* _ACTIVITY_: Among these entries, how many lines contain "from"? Say the number and nothing else.

* _WORKING DATA_:
____________________
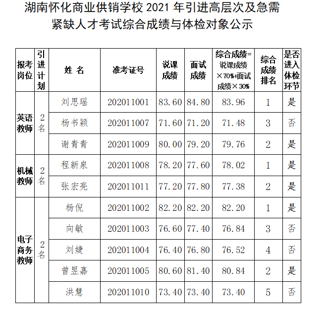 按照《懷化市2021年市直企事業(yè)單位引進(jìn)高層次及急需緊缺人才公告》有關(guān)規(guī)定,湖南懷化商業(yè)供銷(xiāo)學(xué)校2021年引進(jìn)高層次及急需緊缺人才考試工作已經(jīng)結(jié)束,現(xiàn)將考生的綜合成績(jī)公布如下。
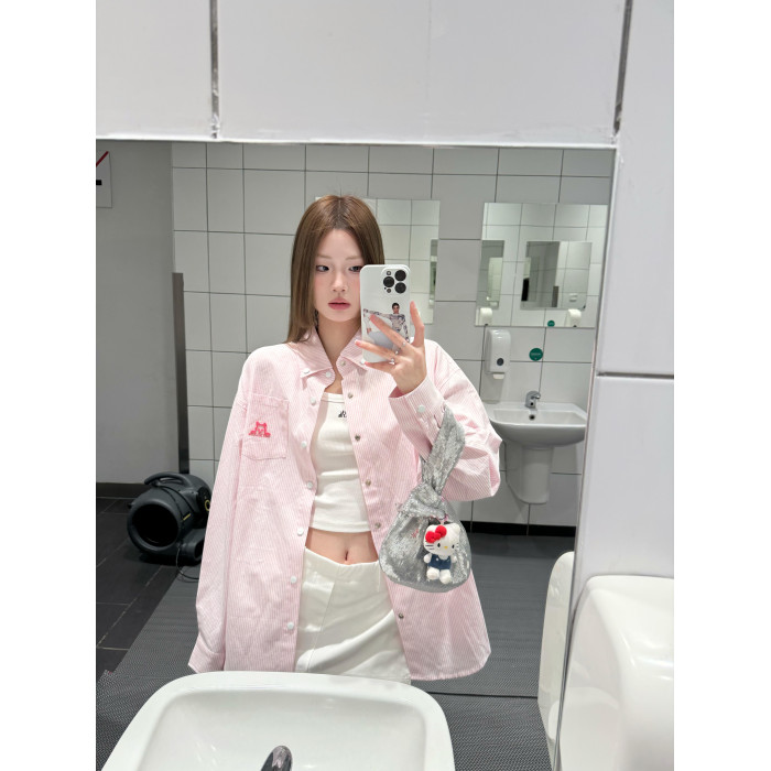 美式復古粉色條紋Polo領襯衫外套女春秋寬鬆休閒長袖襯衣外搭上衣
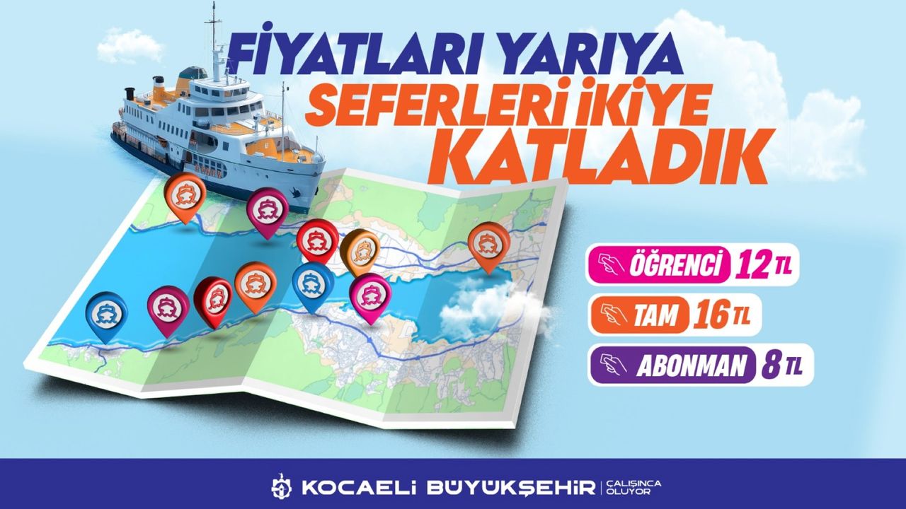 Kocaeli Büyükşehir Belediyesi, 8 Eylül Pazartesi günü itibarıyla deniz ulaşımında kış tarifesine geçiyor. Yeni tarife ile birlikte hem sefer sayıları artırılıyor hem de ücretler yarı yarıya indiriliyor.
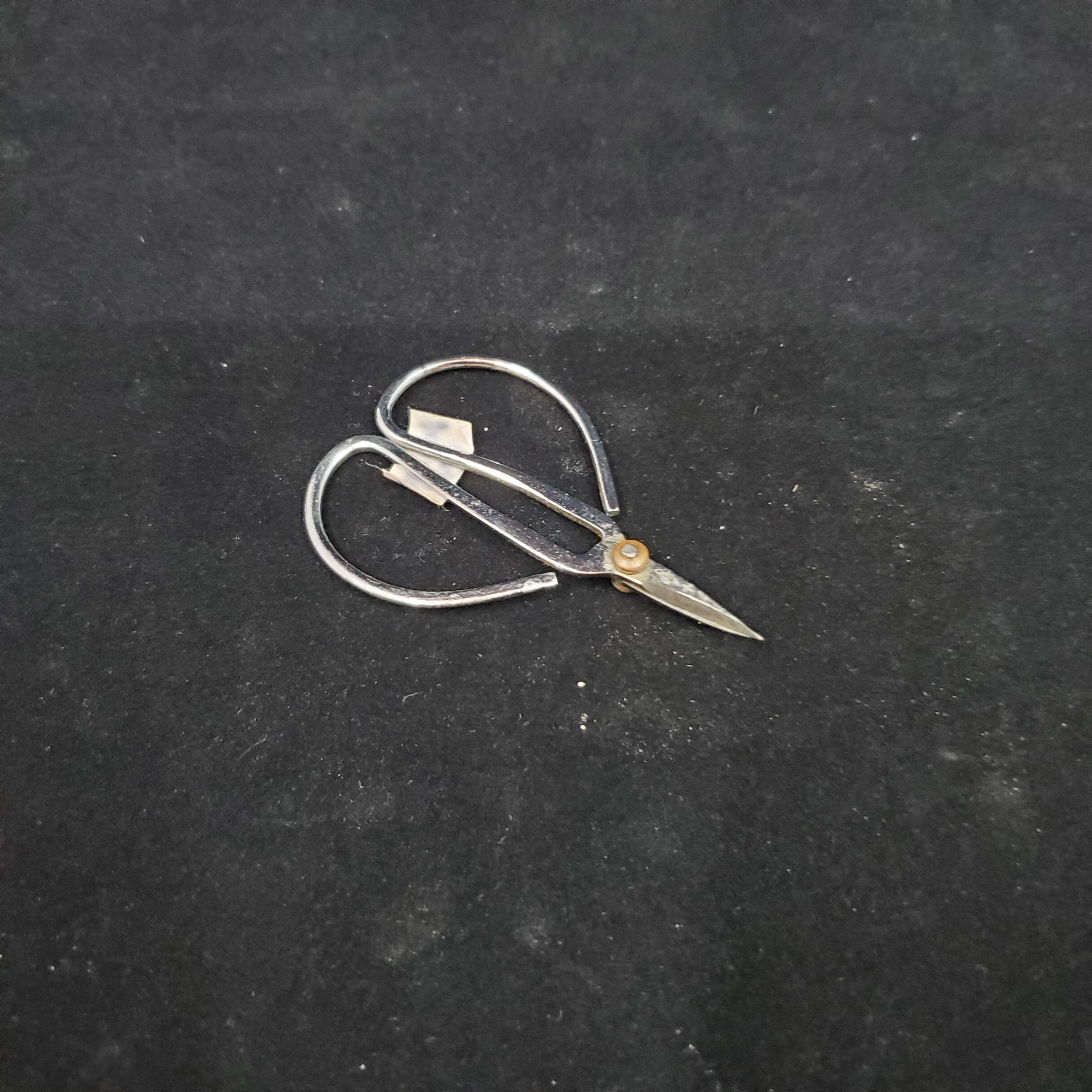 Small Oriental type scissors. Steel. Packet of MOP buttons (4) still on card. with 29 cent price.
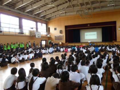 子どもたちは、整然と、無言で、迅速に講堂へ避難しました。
____________________
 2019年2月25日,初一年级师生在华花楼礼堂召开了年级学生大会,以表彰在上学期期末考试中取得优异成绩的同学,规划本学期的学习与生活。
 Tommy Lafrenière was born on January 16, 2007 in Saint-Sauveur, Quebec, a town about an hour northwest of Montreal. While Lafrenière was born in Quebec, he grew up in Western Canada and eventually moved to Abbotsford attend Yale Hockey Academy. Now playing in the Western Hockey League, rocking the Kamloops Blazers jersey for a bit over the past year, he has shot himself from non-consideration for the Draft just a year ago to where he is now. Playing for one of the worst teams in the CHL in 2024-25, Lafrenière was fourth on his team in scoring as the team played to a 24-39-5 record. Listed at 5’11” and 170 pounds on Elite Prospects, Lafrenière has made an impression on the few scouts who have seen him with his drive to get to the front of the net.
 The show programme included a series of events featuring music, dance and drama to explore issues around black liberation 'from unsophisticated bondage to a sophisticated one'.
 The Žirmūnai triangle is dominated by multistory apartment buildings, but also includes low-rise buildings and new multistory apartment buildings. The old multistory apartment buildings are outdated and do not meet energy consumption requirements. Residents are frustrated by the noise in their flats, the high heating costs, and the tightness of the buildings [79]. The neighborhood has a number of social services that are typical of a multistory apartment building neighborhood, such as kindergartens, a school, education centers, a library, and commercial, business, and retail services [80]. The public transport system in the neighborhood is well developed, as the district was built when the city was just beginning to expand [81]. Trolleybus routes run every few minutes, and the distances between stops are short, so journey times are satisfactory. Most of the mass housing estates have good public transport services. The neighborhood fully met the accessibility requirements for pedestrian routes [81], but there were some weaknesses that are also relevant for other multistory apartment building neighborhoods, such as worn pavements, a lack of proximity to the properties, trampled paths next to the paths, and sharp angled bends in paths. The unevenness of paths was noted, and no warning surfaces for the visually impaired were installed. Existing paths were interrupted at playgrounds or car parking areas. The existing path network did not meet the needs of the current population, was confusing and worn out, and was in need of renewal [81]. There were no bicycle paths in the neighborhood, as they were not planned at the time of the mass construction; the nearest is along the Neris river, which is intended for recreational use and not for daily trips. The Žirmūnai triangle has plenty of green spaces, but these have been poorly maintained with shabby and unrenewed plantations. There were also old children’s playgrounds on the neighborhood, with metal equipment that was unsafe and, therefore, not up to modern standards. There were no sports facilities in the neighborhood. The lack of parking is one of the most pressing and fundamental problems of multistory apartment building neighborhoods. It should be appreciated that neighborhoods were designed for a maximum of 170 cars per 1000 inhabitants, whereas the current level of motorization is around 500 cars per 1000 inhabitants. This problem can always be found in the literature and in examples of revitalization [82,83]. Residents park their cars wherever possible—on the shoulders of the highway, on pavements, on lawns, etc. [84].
____________________
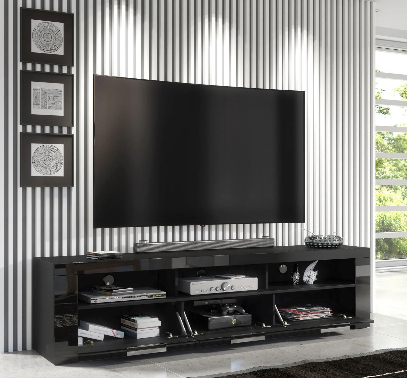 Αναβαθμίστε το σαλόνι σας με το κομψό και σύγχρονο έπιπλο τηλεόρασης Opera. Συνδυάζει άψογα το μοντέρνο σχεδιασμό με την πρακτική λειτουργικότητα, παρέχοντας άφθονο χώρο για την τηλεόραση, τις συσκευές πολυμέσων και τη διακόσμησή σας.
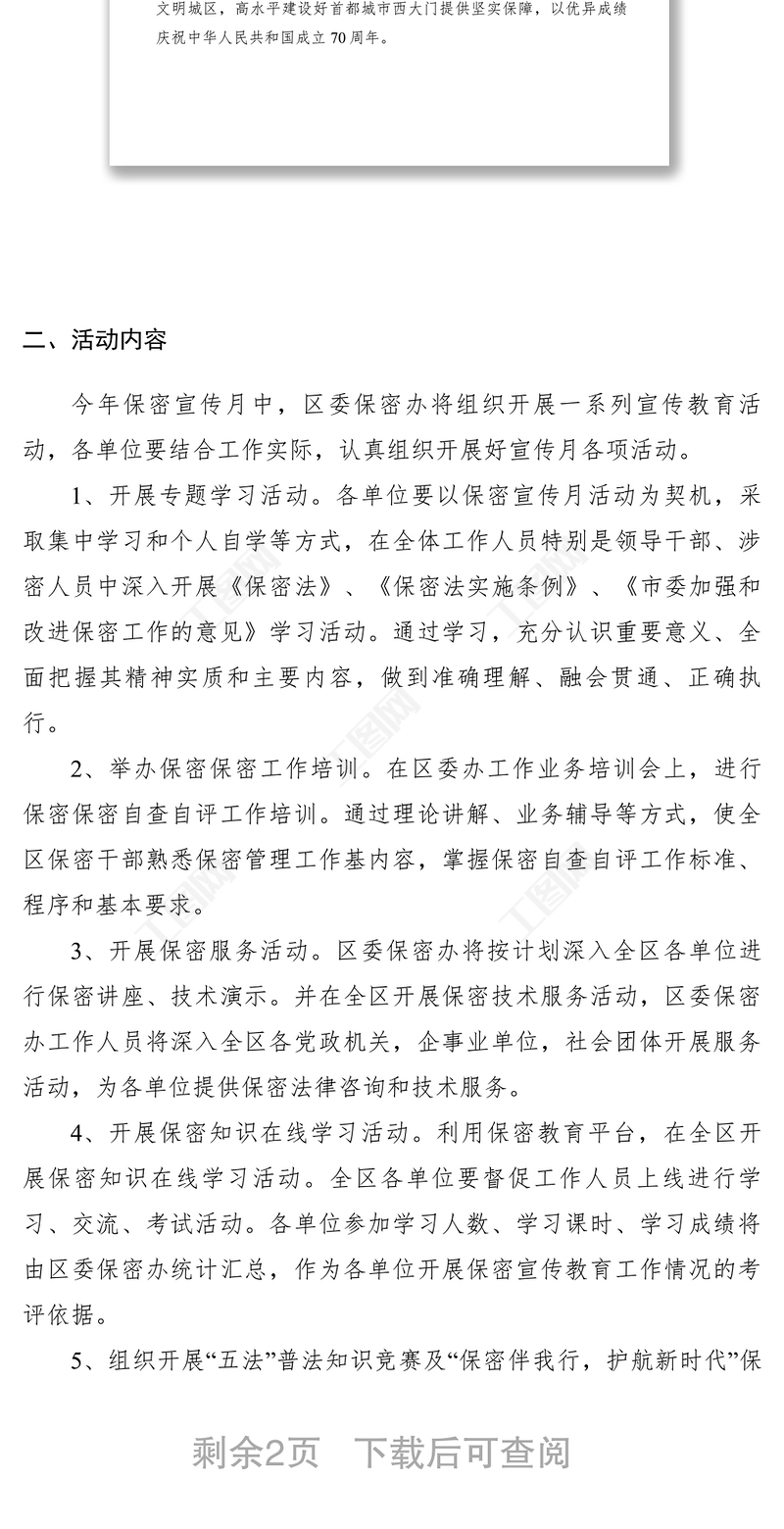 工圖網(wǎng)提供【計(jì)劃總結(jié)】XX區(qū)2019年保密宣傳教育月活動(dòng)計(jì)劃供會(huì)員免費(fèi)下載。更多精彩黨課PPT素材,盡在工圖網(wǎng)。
____________________
* _YOUR SOLUTION_: 2